Fuzzing with Quantitative and Adaptive Hot-Bytes Identification

Tai D. Nguyen,Long H. Pham,Jun Sun
2023-07-05
Abstract:Fuzzing has emerged as a powerful technique for finding security bugs in complicated real-world applications. American fuzzy lop (AFL), a leading fuzzing tool, has demonstrated its powerful bug finding ability through a vast number of reported CVEs. However, its random mutation strategy is unable to generate test inputs that satisfy complicated branching conditions (e.g., magic-byte comparisons, checksum tests, and nested if-statements), which are commonly used in image decoders/encoders, XML parsers, and checksum tools. Existing approaches (such as Steelix and Neuzz) on addressing this problem assume unrealistic assumptions such as we can satisfy the branch condition byte-to-byte or we can identify and focus on the important bytes in the input (called hot-bytes) once and for all. In this work, we propose an approach called \tool~which is designed based on the following principles. First, there is a complicated relation between inputs and branching conditions and thus we need not only an expressive model to capture such relationship but also an informative measure so that we can learn such relationship effectively.
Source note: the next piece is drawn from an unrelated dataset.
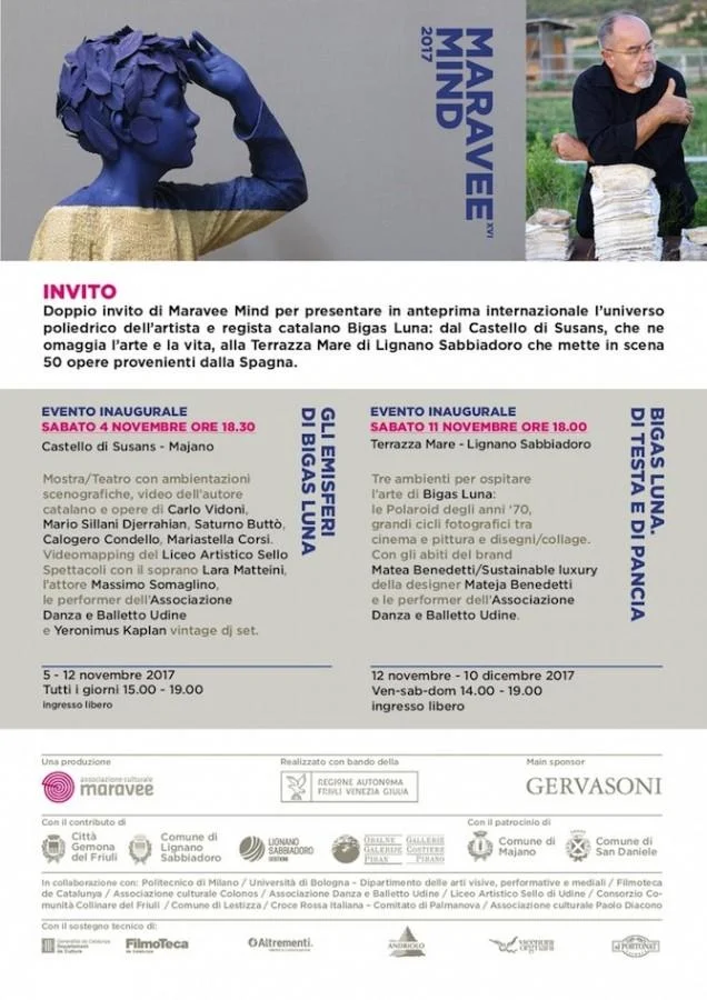 Dopo l’opening de Gli emisferi di Bigas Luna al Castello di Susans (visitabile fino a domenica 12 novembre dalle 15 alle 19), in cui innanzi al numerosissimo e partecipe pubblico è andata in scena, tra Ragione e Passione, l’arte e la vita dell’autore catalano su un teatro dell’arte che ha visto il protagonismo degli artisti Saturno Buttò, Calogero Condello, Mario Sillani Djerrahian, Maria Stella Corsi, Carlo Vidoni, del soprano Lara Matteini, dell’attore Massimo Somaglino, di Yeronimus Kaplan e delle performer dell’ADEB, Lignano Sabbiadoro si conferma come location nodale nel percorso culturale ideato da Sabrina Zannier, direttore artistico del Festival Maravee.

Second, different branching conditions demand different hot-bytes and we must adjust our fuzzing strategy adaptively depending on which branches are the current bottleneck. We implement our approach as an open source project and compare its efficiency with other state-of-the-art fuzzers. Our evaluation results on 10 real-world programs and LAVA-M dataset show that \tool~achieves sustained increases in branch coverage and discovers more bugs than other fuzzers.
Cryptography and Security,Software Engineering
What problem does this paper attempt to address?
### The Problem the Paper Attempts to Solve The paper aims to address a critical issue in fuzzing: how to effectively generate test inputs to cover complex branch conditions, thereby uncovering more security vulnerabilities. Specifically: 1. **Complex Branch Conditions**: Existing fuzzing tools (such as AFL) struggle to generate test inputs that satisfy complex branch conditions (such as magic number comparisons, checksum tests, and nested if statements) due to the limitations of their random mutation strategies. This results in many potential security vulnerabilities remaining undiscovered. 2. **Improvement Strategy**: The paper proposes a new method called Finch, which improves fuzzing through the following two main aspects: - Using expressive neural network models to identify "hot-bytes," which are bytes crucial for triggering specific branch conditions. - Dynamically adjusting the fuzzing strategy by selecting different hot-bytes for mutation based on the current bottleneck branches, thereby gradually narrowing the gap between the test inputs and the target branches. 3. **Experimental Results**: Through evaluations on 10 real-world programs and the LAVA-M dataset, Finch outperforms other state-of-the-art fuzzing tools in terms of branch coverage and discovering more unique crashes. In summary, the main objective of the paper is to enhance the effectiveness and efficiency of fuzzing tools in handling complex branch conditions by introducing a quantitative and adaptive hot-byte identification mechanism.